TAUNTON, Mass. – A young woman charged with using text messages to encourage her boyfriend to kill himself when they were teenagers sent a text to a friend from high school about two months after the death, saying, “It’s my fault,” according to testimony at her trial on Wednesday.
Michelle Carter, then 17, cajoled Conrad Roy III, 18, to kill himself in July 2014 with a series of texts and phone calls, prosecutors allege. Roy died when his pickup truck filled with carbon monoxide in a store parking lot in Fairhaven.
“It’s my fault,” Carter texted to her school friend Samantha Boardman. “I could have stopped him but I told him to get back in the car.”
READ MORE: Massachusetts woman stands trial over texting boyfriend to kill himself
Boardman was among several of Carter’s friends and acquaintances who took the witness stand on the second day of the involuntary manslaughter trial in Taunton juvenile court.
Carter’s lawyer disputes a crime occurred. Attorney Joseph Cataldo said Roy was depressed, had attempted suicide before, researched suicide methods online and was completely responsible for his own death. He said Carter’s text messages are protected free speech.
WATCH: Massachusetts woman stands trial over texting boyfriend to kill himself
Carter, now 20, also told Boardman that she feared getting in trouble after she found out that police had Roy’s phone.
“I’m done,” Carter wrote in one text displayed in the court room.
“His family will hate me and I can go to jail.”
Two other friends say Carter texted them saying she was on the phone with Roy as he died.
“I was talking on the phone with him when he killed himself … I heard him die,” Carter texted to Olivia Mosolgo days after Roy’s death, Mosolgo testified.
Carter also expressed remorse in a message to a friend: “I’m the only one he told things too.
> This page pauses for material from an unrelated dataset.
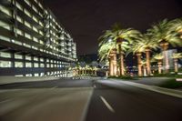 A nighttime view of an empty road in the city of Los Angeles. The road stretches straight ahead, lined with palm trees and tall buildings. The modern architecture and artificial light give the scene a vibrant and urban feel.
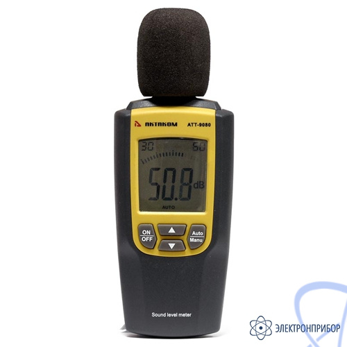 Недорогой компактный интегрирующий измеритель АТТ-9080 уровня звука со встроенный конденсаторным микрофоном обеспечивает диапазон измерения звука в пределах от 30 до 120 дБ в полосе частот от 31,5 Гц до 8 кГц.

I should have gotten him more help,” she wrote.
The police detective who conducted the criminal investigation also testified. Fairhaven Detective Scott Gordon said he found Roy’s phone and discovered the text conversation between Roy and Carter.
The case is being tried without a jury, and a judge will deliver the verdict. The judge visited the site where Roy’s truck was found on Wednesday afternoon.